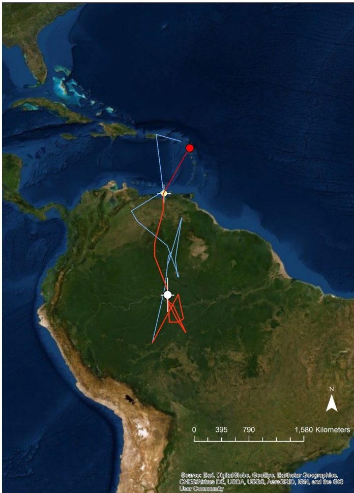
Fig. 2. A female Antillean Nighthawk’s stopover grounds on Isla La Tortuga (yellow dot) and Brazilian non-breeding grounds (white dot) were approximately 720 km southwest and 2,100 km south, respectively, of her breeding grounds on Guadeloupe (red dot). Daily median positions are shown with a blue line for fall migration and a red line for spring migration. The error bars indicate 1 SD around the mean stopover and non-breeding grounds locations.
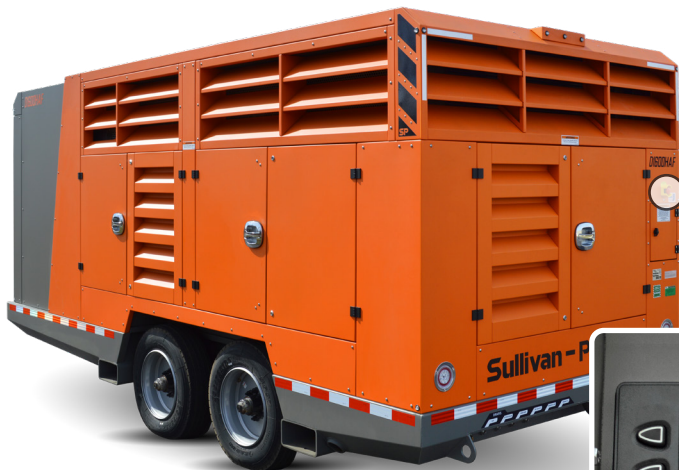
Sullivan-Palatek Electronic Controller (SPEC)
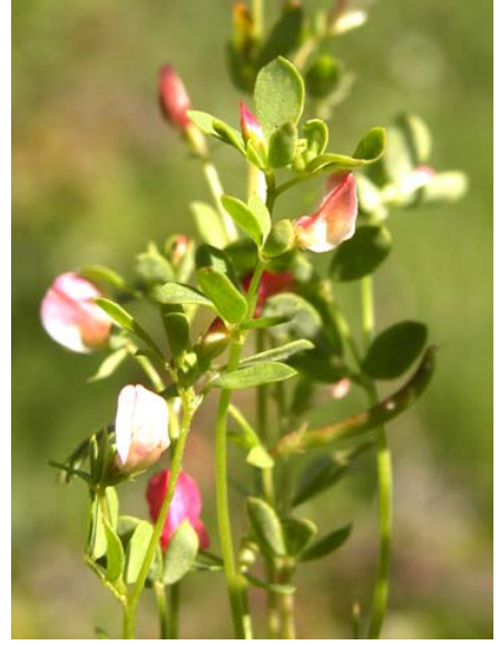
Spanish Clover Lotus purshianus var. purshianus Native Annual Pea Family
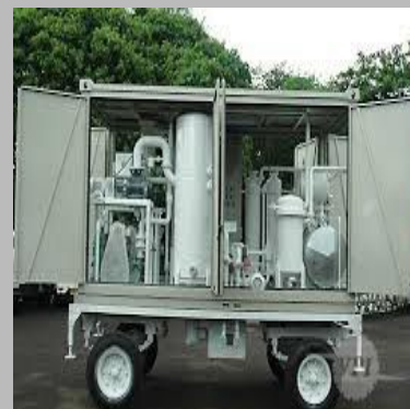
Transformer Oil Filtration Unit Consultancy Services
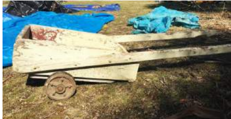
Lot: CLEARING SALE ITEM |
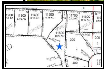
Lot #15 – 4732 Jessen Drive
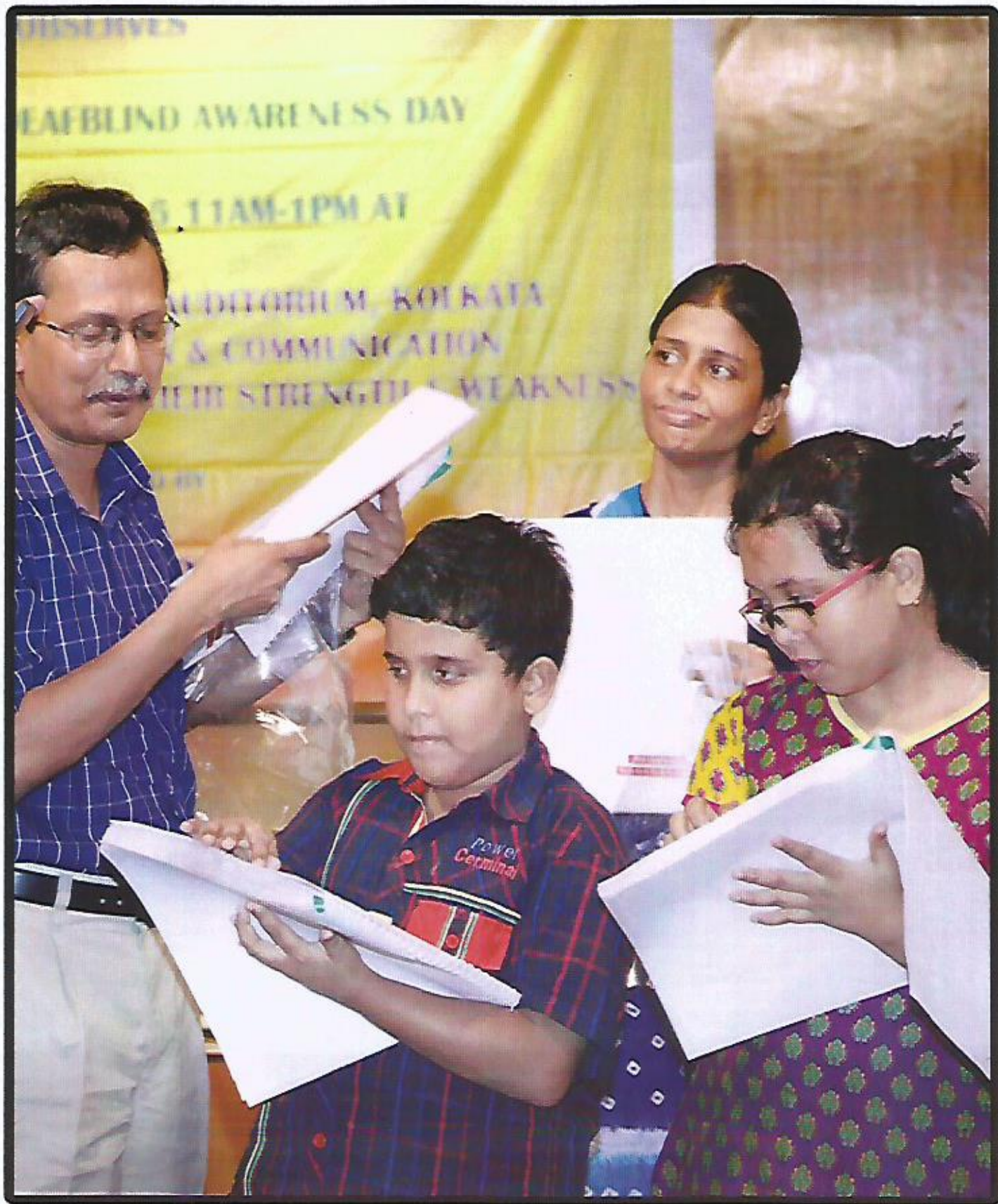
Braille Book Release H K Day
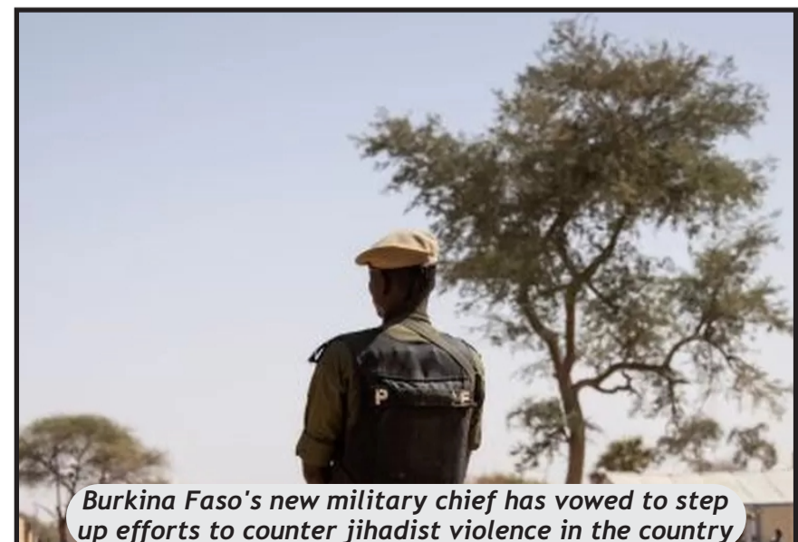
Burkina Faso's new military chief has vowed to step up efforts to counter jihadist violence in the country

No other officials have yet been charged over the scandal.
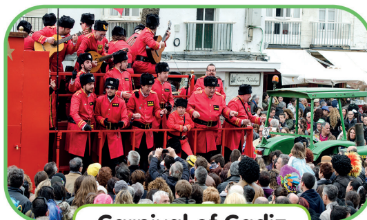
Carnival of Cadiz

8 Talk with a partner. What makes a festival special? What words can you use to talk about festivals? Use the photos in exercise 5 to help you.
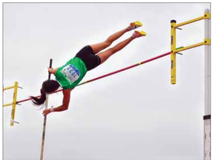
Women's pole vaulters soared high during Saturday's gold medal competition.

While Saturday's Track and Field events are covered on page 3 as it was a very full day for the athletes.
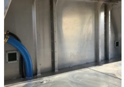
2x louvre vents Standard inclusion
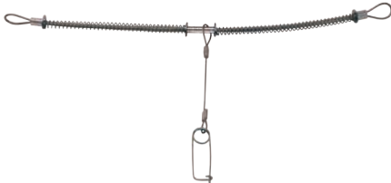
WB1C - WB1 with safety clip and lanyard
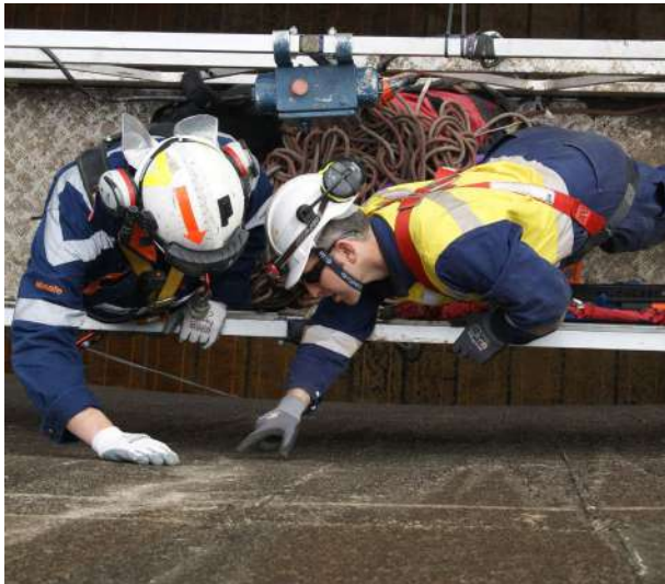
Specialist Access & Remedial Engineering
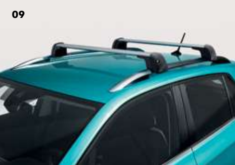
09 Roof Bars The genuine roof bars provide the base for all roof attachments and are aerodynamically designed to suit the T-CROSS. Load capacity: 70kg Part.no 2GA071151A
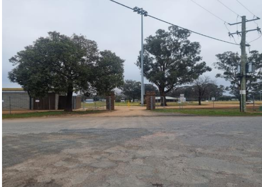
Access via Ross Street
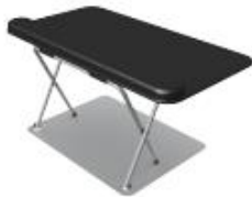
Scissor Lift 24" SLO24
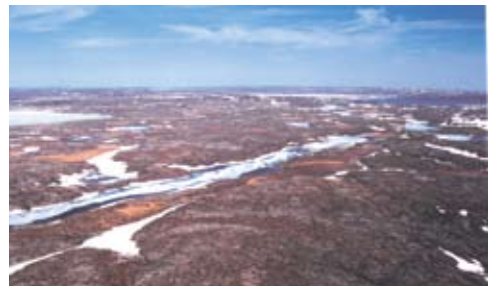
Northeast view over project area
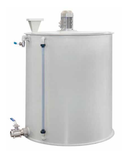
Manual polymer station
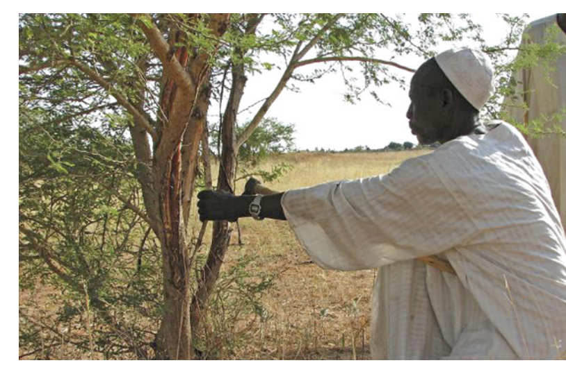
Photo 1. Expanded trade in gum Arabic ( Acacia senegal ) has the potential to arrest desertification in the Sahel, provided significant economic benefits flow to smallholders.

Biofuels. The rising demand for renewable energy has generated great interest in Africa as a new frontier for biofuel production: African countries are assumed to have large expanses of unutilized land, high levels of unemployment and cheap labor. These optimistic views are backed by an understanding of the particular suitability of Jatropha curcas in the region for its ability to adapt to conditions of low soil fertility and moisture. However, the anticipated scale and nature of benefits is largely based on speculation. Little is known about the potential of biofuels or Jatropha to address
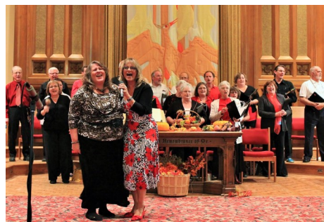
Jazz Sunday 2010
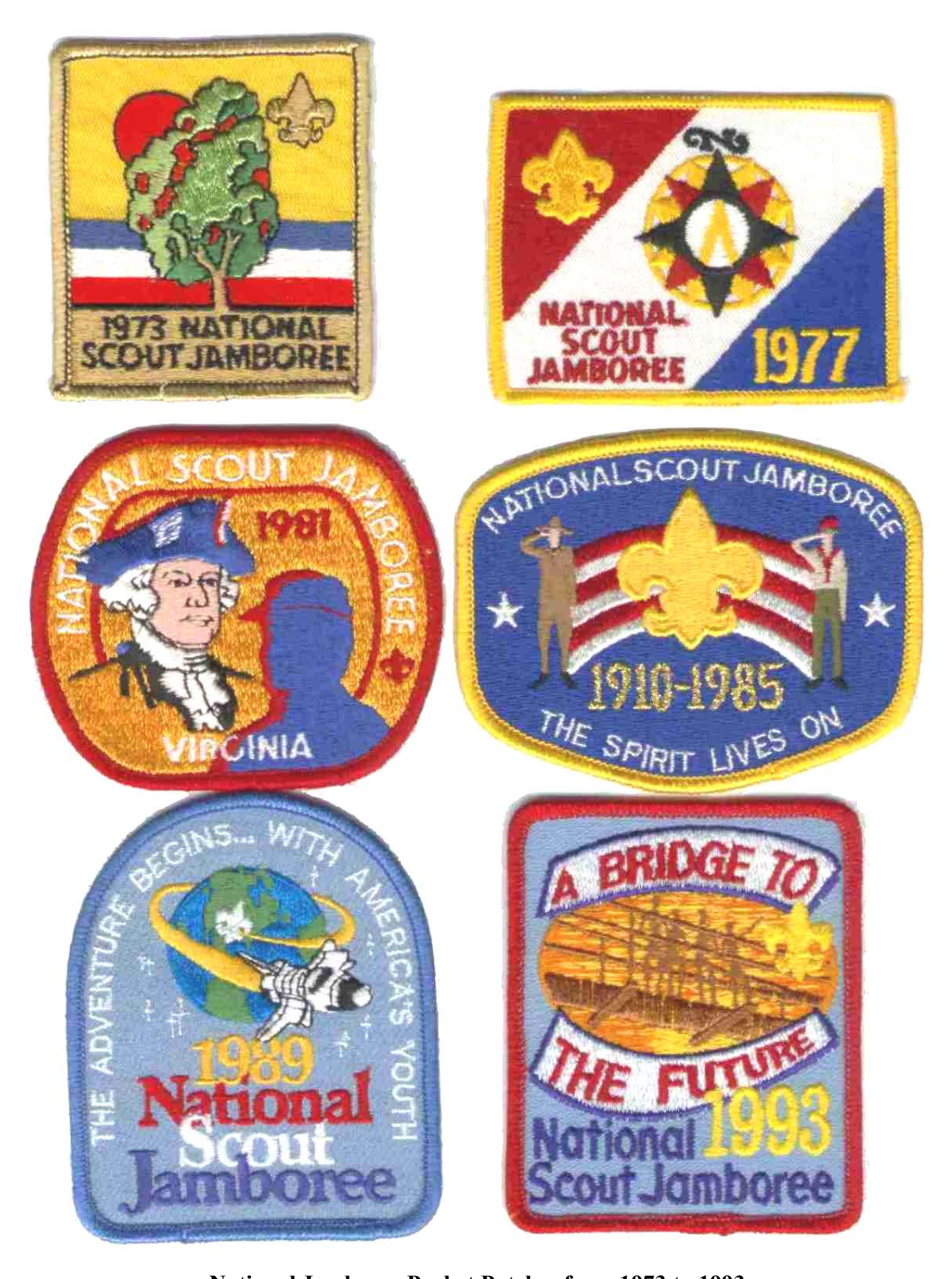
National Jamboree Pocket Patches from 1973 to 1993

_____

▶ **How to complete this task**
Report back each line in the material above that contains the string "Access".

▶ **Task output**
Specialist Access & Remedial Engineering
Access via Ross Street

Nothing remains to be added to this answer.